Decodebin child added: nvjpegdec0
Using GPU 0 (Tesla T4, 40 SMs, 1024 th/SM max, CC 7.5, ECC on)
In cb_newpad
###Decodebin pick nvidia decoder plugin.
nvstreammux: Successfully handled EOS for source_id=0
Frame Number = 0 Face Count = 3
End of stream
Returned, stopping playback
Average fps 0.000233
Totally 3 faces are inferred
Deleting pipeline
The output landmarks.jpg
gives … hmmm … something (just what?):
First question: Why 3 faces, not just one? What parameters need to be altered in order to get better results?

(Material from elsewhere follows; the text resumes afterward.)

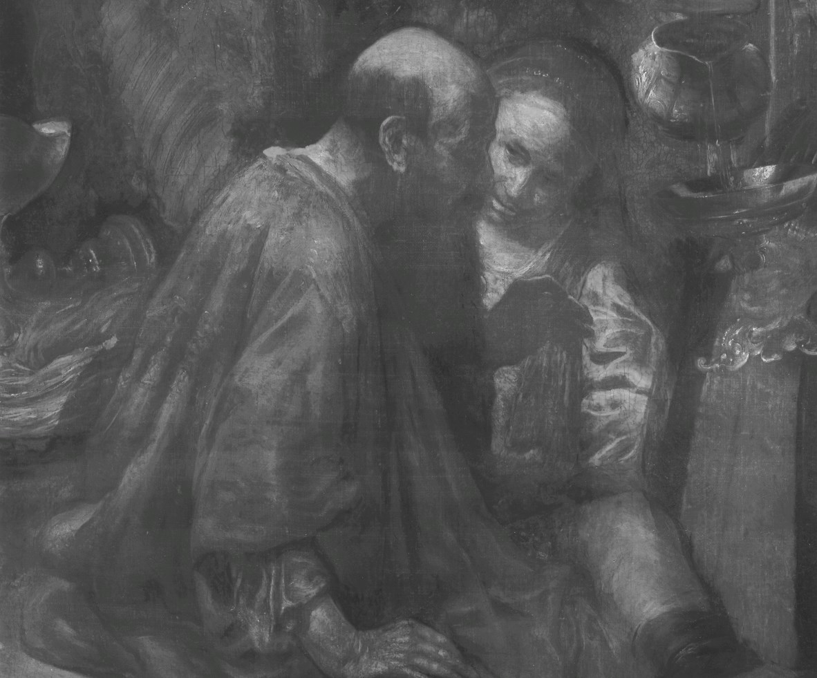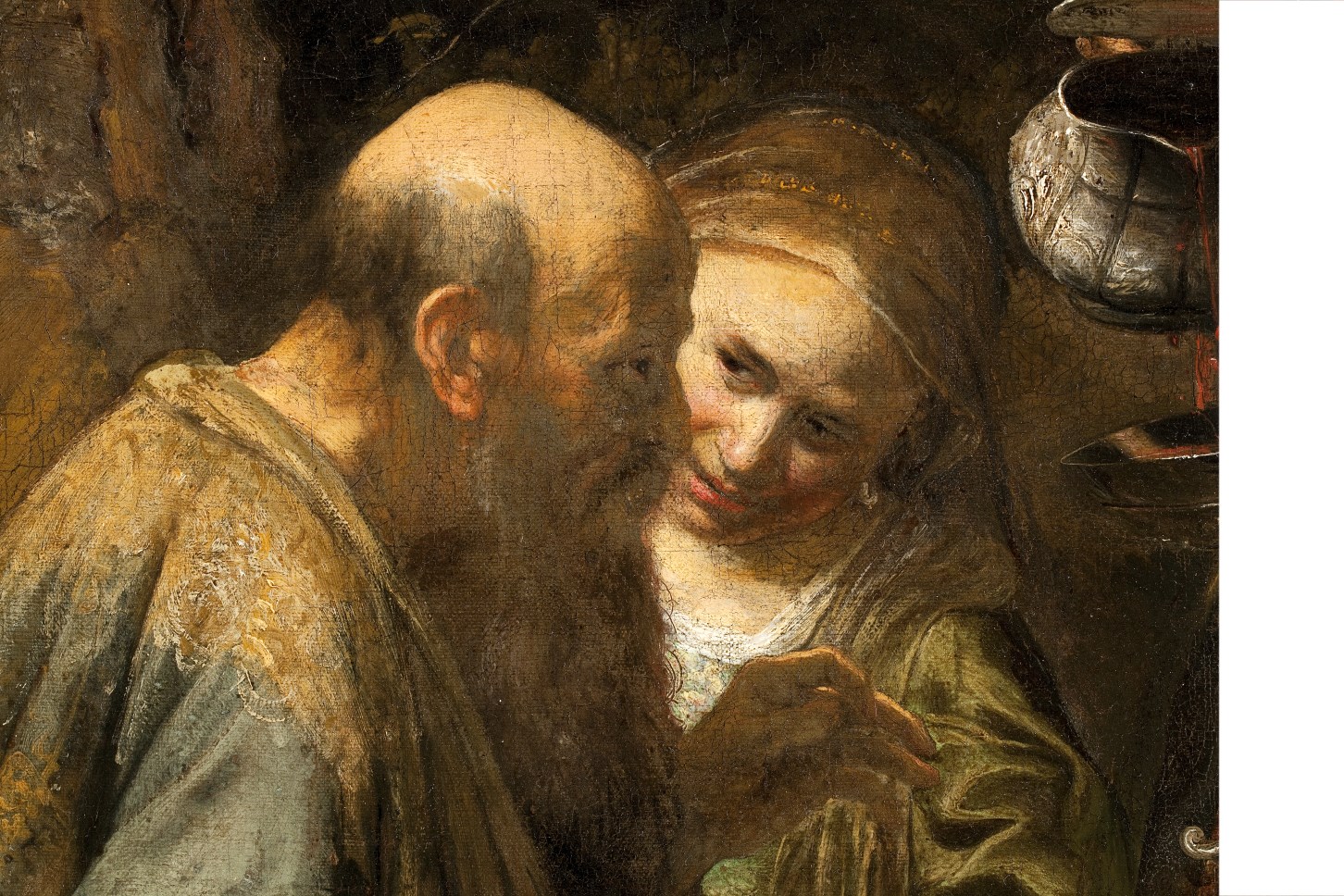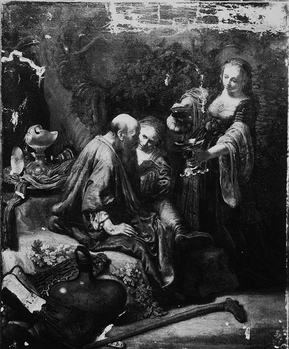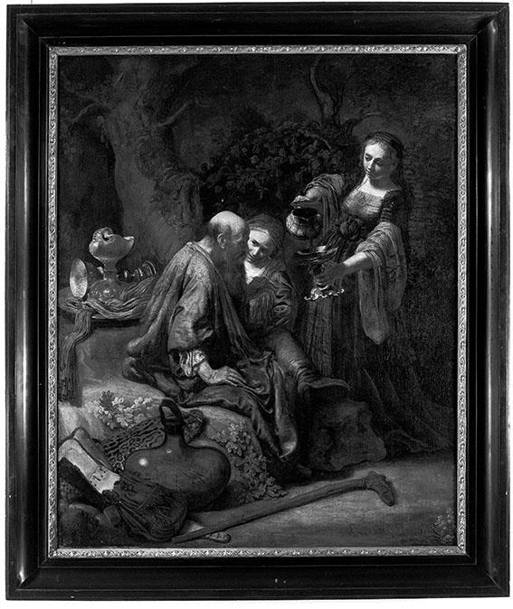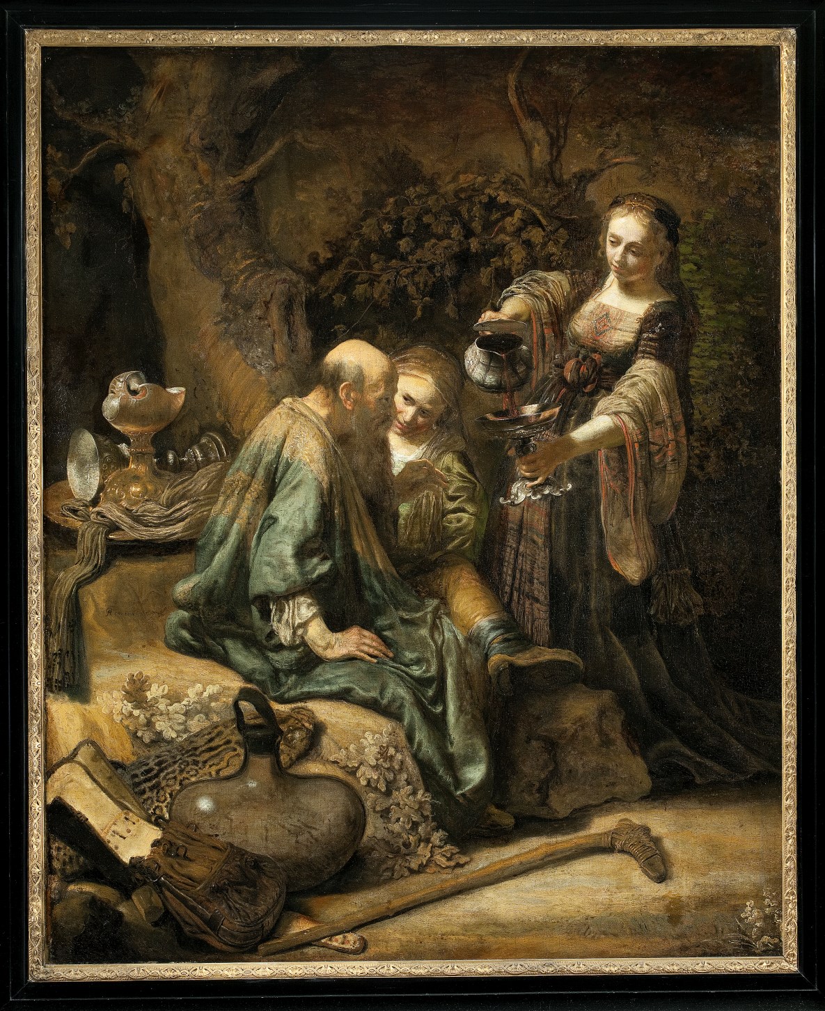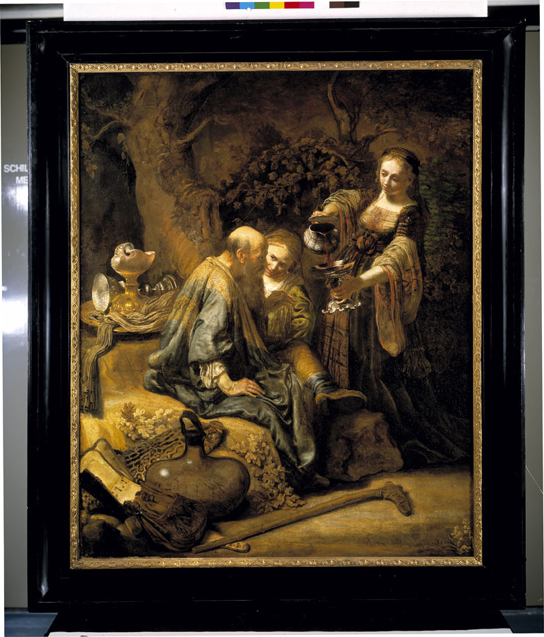 Tegen een achtergrond van een oude boom en een spelonk zijn Lot en zijn twee dochters afgebeeld. Het schilderij verbeeldt een passage uit de bijbel (Gen.19:30) waarin de dochters hun vader dronken voeren om hem daarna te verleiden met de bedoeling zwanger te raken en het menselijke geslacht voort te zetten. Lot, afgebeeld als een ...

Then I think I understand what facemarks are generally, this is explained here: Facial Landmarks Estimation | NVIDIA NGC
But what are that yellow boxes?
Generally I find it hard to read, if you are not a CPP expert and for sure hard to port to other languages and use cases, especially this magic here: deepstream_tao_apps/apps/tao_others/deepstream-faciallandmark-app/deepstream_faciallandmark_app.cpp at 344d6dc10839aec755dc8cf8e2f97626aa73d3ed · NVIDIA-AI-IOT/deepstream_tao_apps · GitHub
Is there more information about the general work of this?